EXERCISE INPUT >>

● ● ● ● ● ● ●

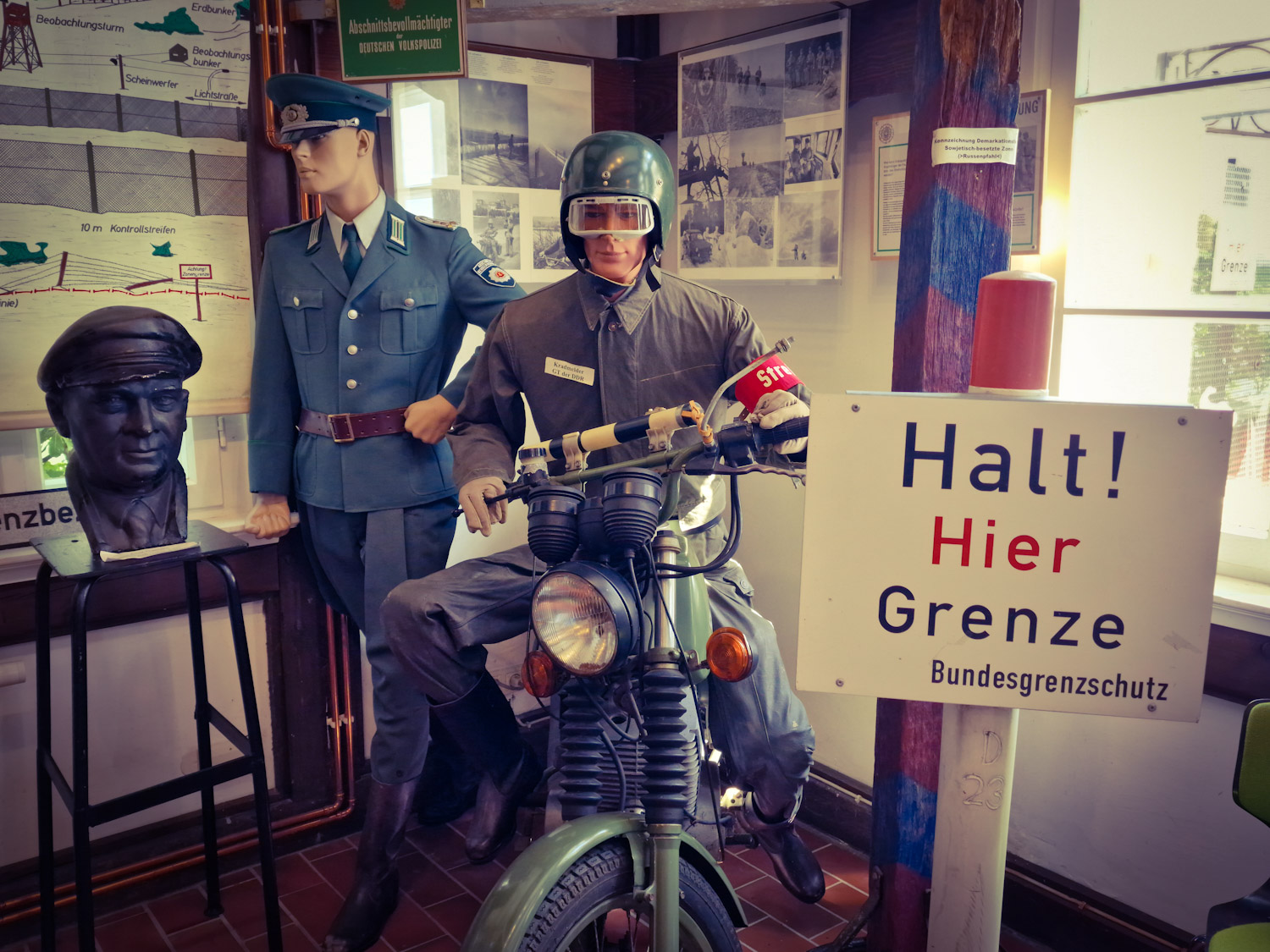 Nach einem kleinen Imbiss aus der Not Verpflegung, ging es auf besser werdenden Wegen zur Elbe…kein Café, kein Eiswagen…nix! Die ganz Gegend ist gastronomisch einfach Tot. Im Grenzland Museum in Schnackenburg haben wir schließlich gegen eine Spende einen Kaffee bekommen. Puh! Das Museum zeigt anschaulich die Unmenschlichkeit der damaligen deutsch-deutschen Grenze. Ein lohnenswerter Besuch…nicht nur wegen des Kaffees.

● ● ● ● ● ● ●

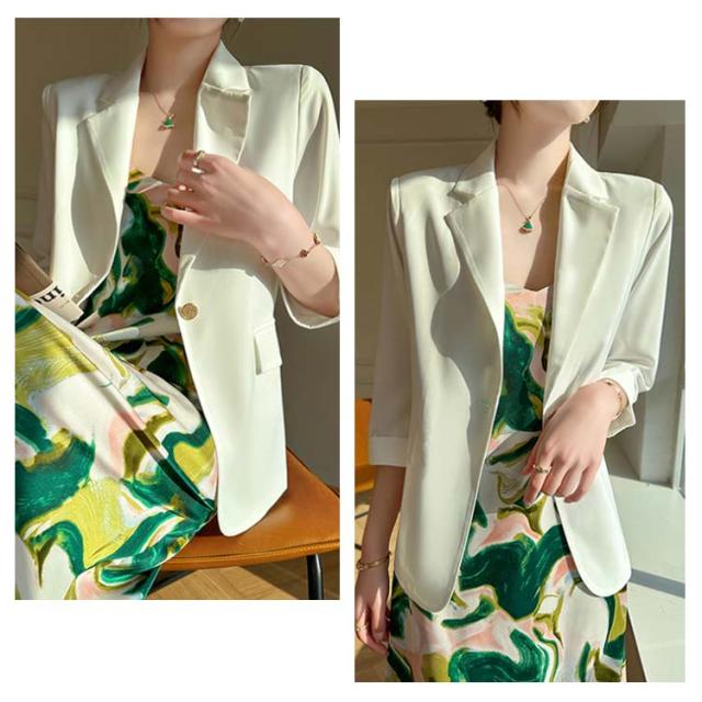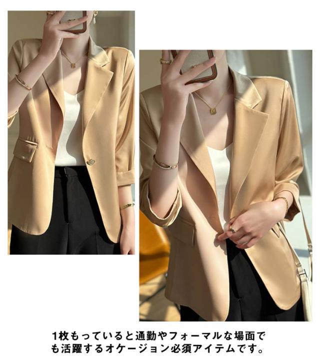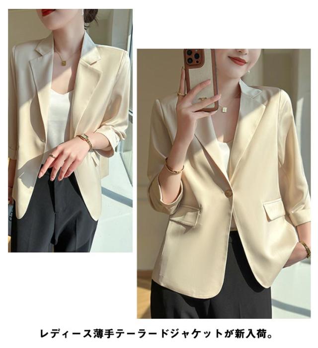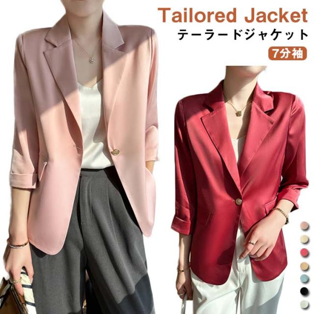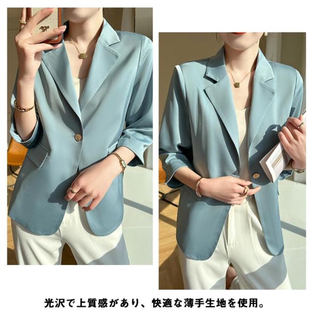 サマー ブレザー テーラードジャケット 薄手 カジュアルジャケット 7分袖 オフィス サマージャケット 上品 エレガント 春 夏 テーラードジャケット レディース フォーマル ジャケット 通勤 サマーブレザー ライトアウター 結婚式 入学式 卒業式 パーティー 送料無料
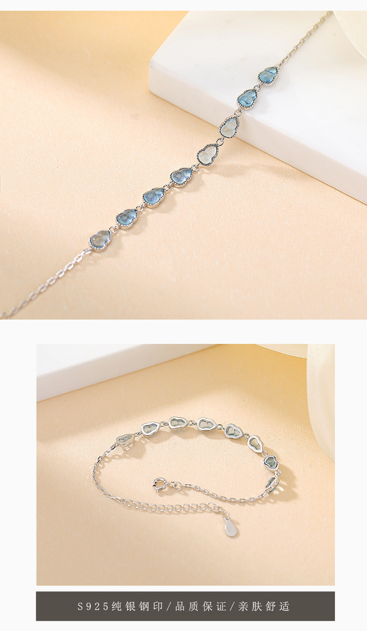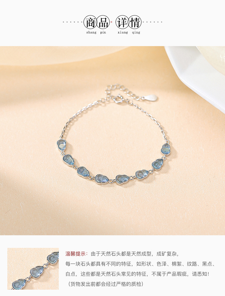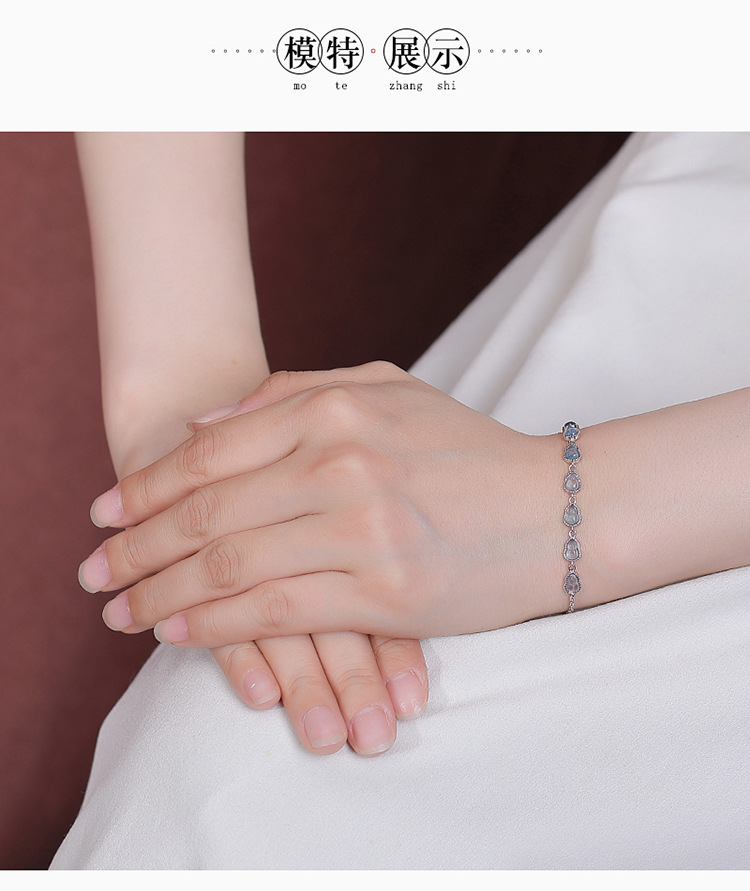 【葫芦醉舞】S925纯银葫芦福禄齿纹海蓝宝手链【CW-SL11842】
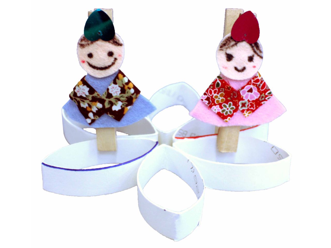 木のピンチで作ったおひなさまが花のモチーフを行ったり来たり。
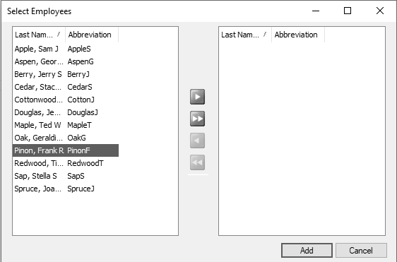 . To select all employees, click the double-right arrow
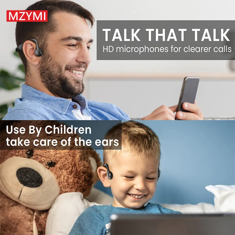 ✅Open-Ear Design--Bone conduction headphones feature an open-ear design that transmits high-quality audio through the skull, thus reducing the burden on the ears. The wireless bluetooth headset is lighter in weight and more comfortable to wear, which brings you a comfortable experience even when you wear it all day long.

● ● ● ● ● ● ●

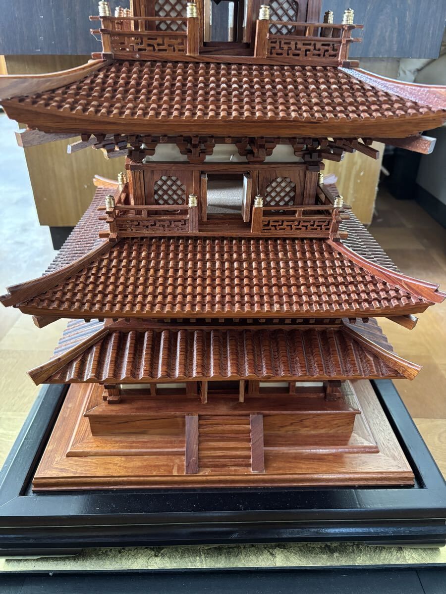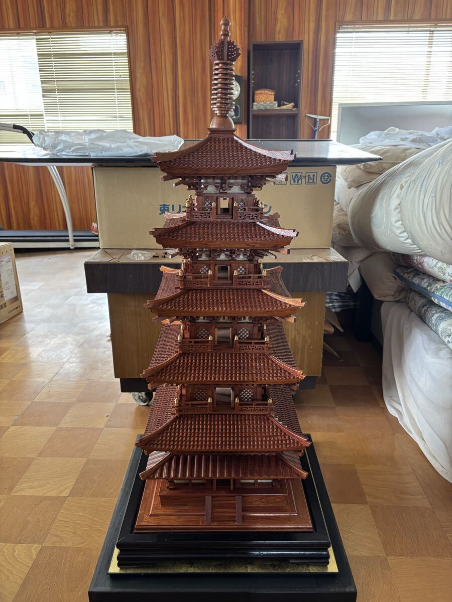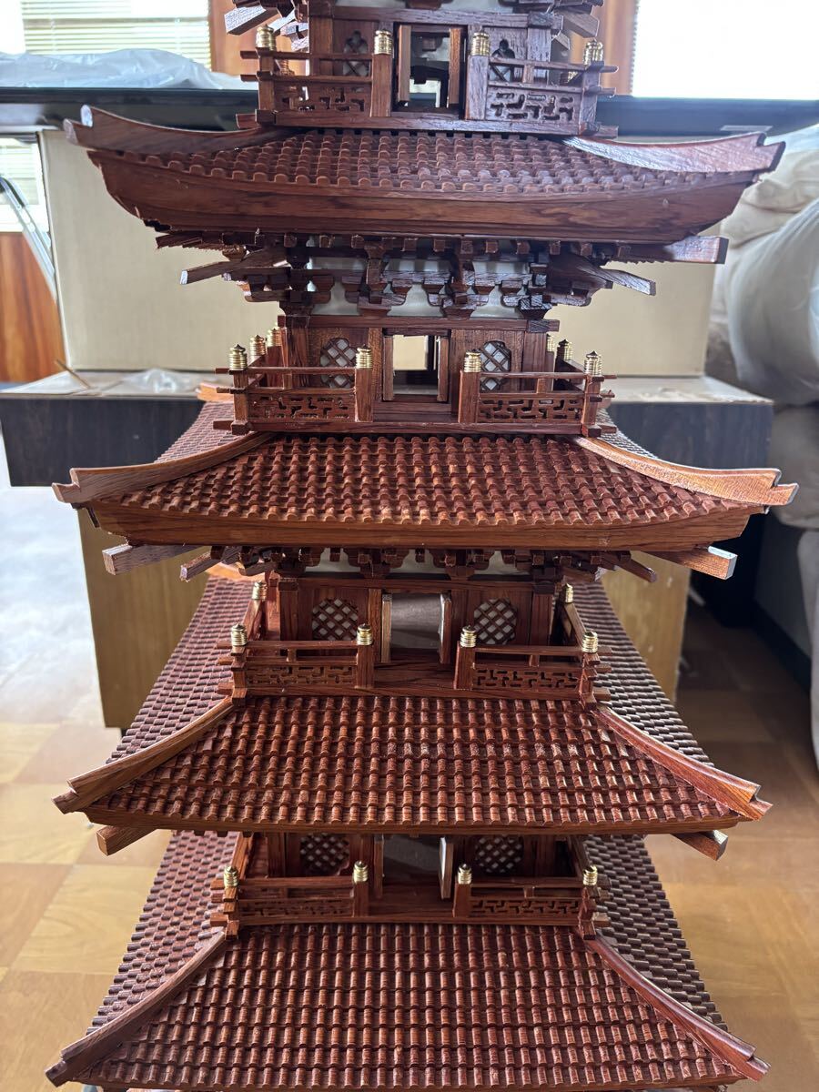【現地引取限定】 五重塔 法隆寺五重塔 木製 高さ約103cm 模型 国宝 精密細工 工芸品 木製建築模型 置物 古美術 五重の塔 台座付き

● ● ● ● ● ● ●

EXERCISE >>
Once the line with "木のピンチで作ったおひなさまが花のモチーフを行ったり来たり。" is found above, transcribe each line from it through the line with "the double-right arrow", exactly, and omit the pictures.

WRITTEN ANSWER >>
 木のピンチで作ったおひなさまが花のモチーフを行ったり来たり。
 . To select all employees, click the double-right arrow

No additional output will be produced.